#### Collected material ####

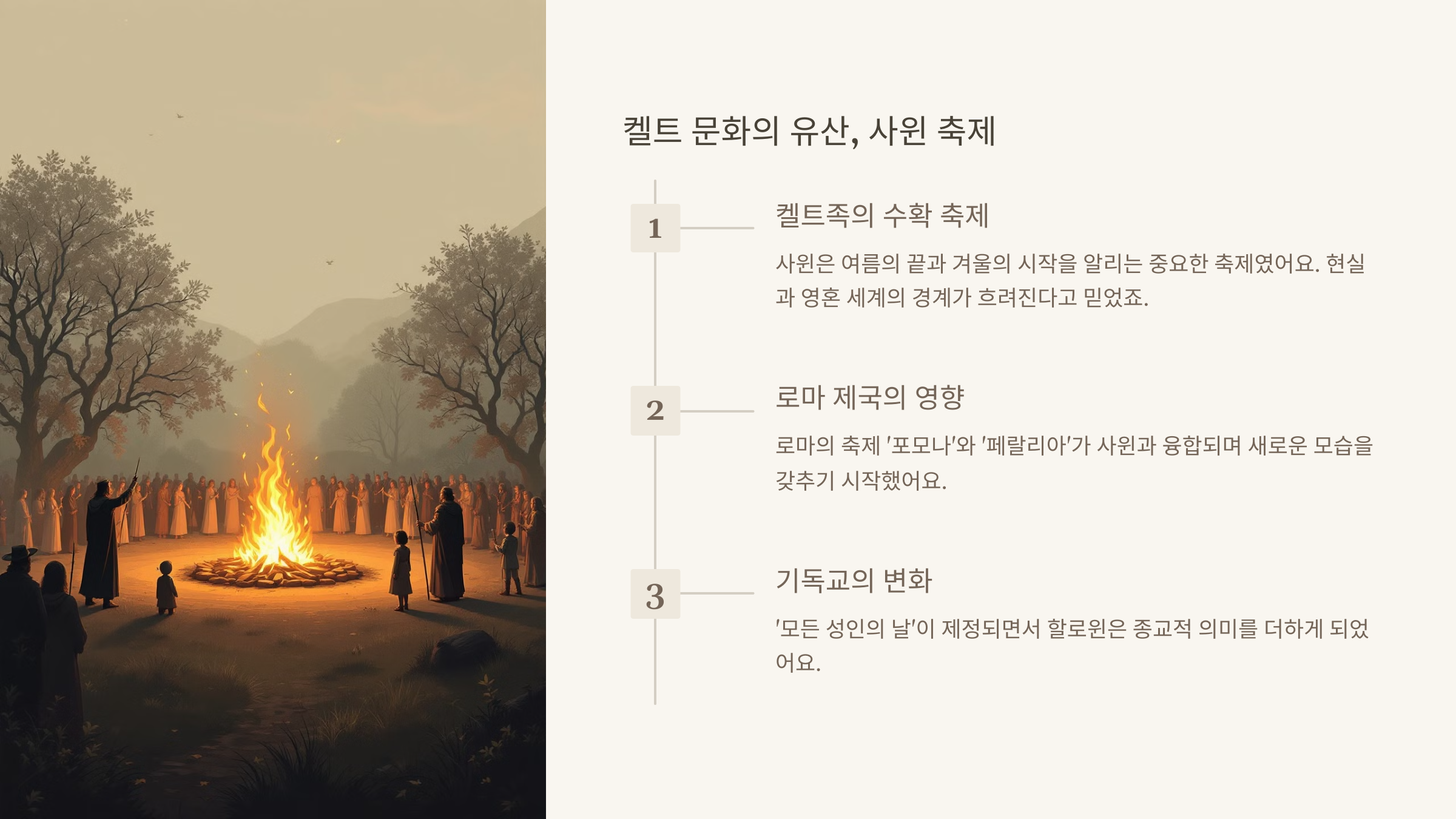 재미있는 사실! 📚 켈트인들은 사윈 축제 때 큰 모닥불을 피우고 동물 뼈를 태웠다고 해요. 이게 바로 지금 우리가 할로윈에 초를 켜는 전통의 시초랍니다.
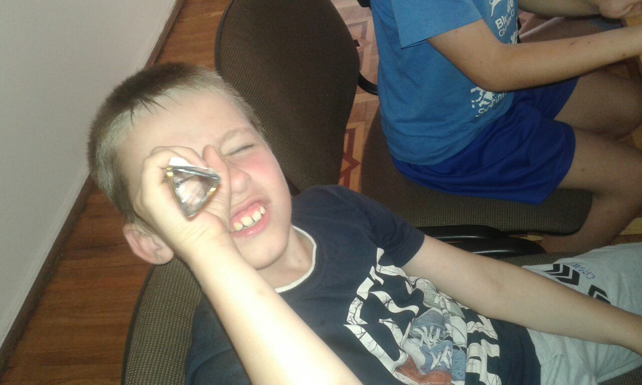 Серед улюблених дитячих іграшок- калейдоскоп, то чому б не спробувати зробити його своїми руками? Виготовлення фантастичних калейдоскопів стало темою чергового майстер-класу. Різнокольорові картинки, химерні візерунки стали результатом роботи всіх, хто завітав на майстер-клас. Кожен отримав свій казковий світ за склом, виготовлений власноруч.
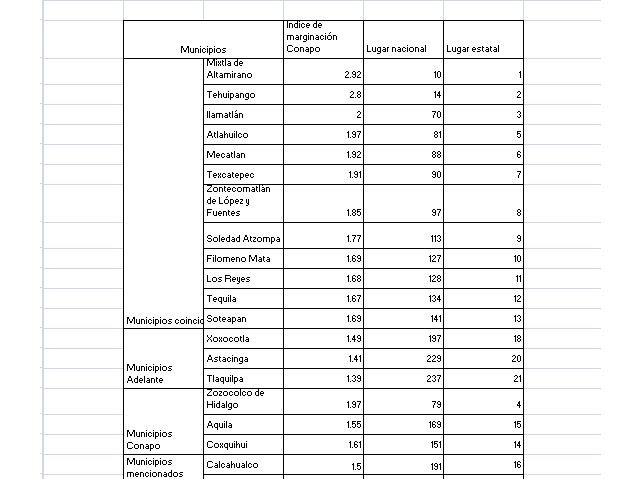 Aunque, en Veracruz, como bien se reconoce en el Programa Adelante, existen 37 municipios con Muy Alta marginación, de acuerdo con el listado que elaboró el Consejo Nacional de Población Conado con datos de 2005.
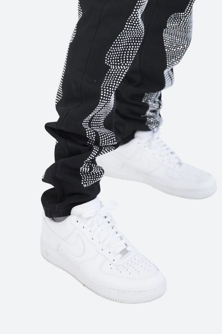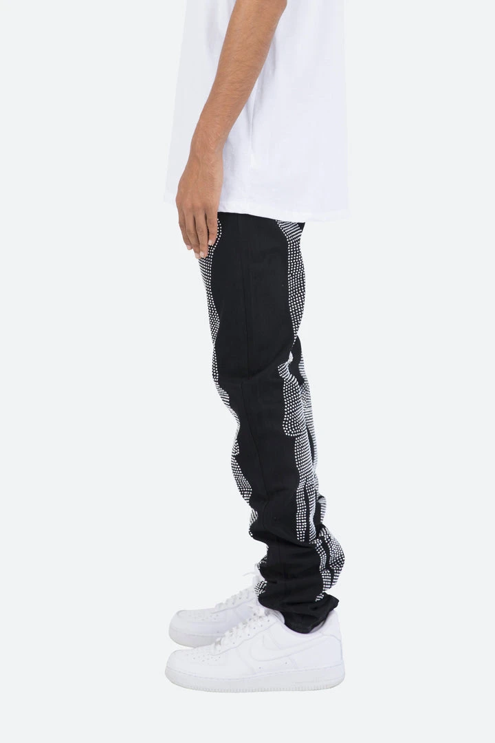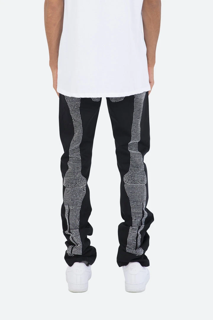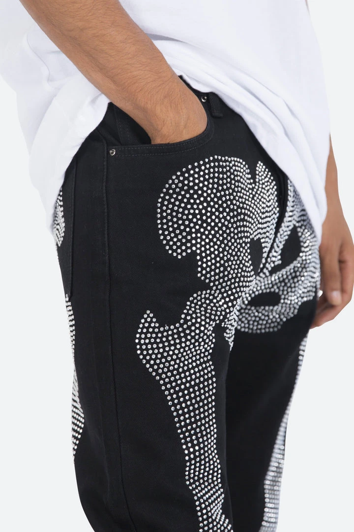 the D249 Skeleton Denim is designed with our new D fit which is relaxed throughout with an extended inseam for stacking and features skeleton artwork in rhinestones on both legs and is constructed from black denim with a raw leg opening.

####

**Problem to work on**
Retype, word for word, only the line holding "Серед улюблених дитячих" and the lines after it through the final line of the listing above, and leave every picture out.

**Answer space**
 Серед улюблених дитячих іграшок- калейдоскоп, то чому б не спробувати зробити його своїми руками? Виготовлення фантастичних калейдоскопів стало темою чергового майстер-класу. Різнокольорові картинки, химерні візерунки стали результатом роботи всіх, хто завітав на майстер-клас. Кожен отримав свій казковий світ за склом, виготовлений власноруч.
 Aunque, en Veracruz, como bien se reconoce en el Programa Adelante, existen 37 municipios con Muy Alta marginación, de acuerdo con el listado que elaboró el Consejo Nacional de Población Conado con datos de 2005.
 the D249 Skeleton Denim is designed with our new D fit which is relaxed throughout with an extended inseam for stacking and features skeleton artwork in rhinestones on both legs and is constructed from black denim with a raw leg opening.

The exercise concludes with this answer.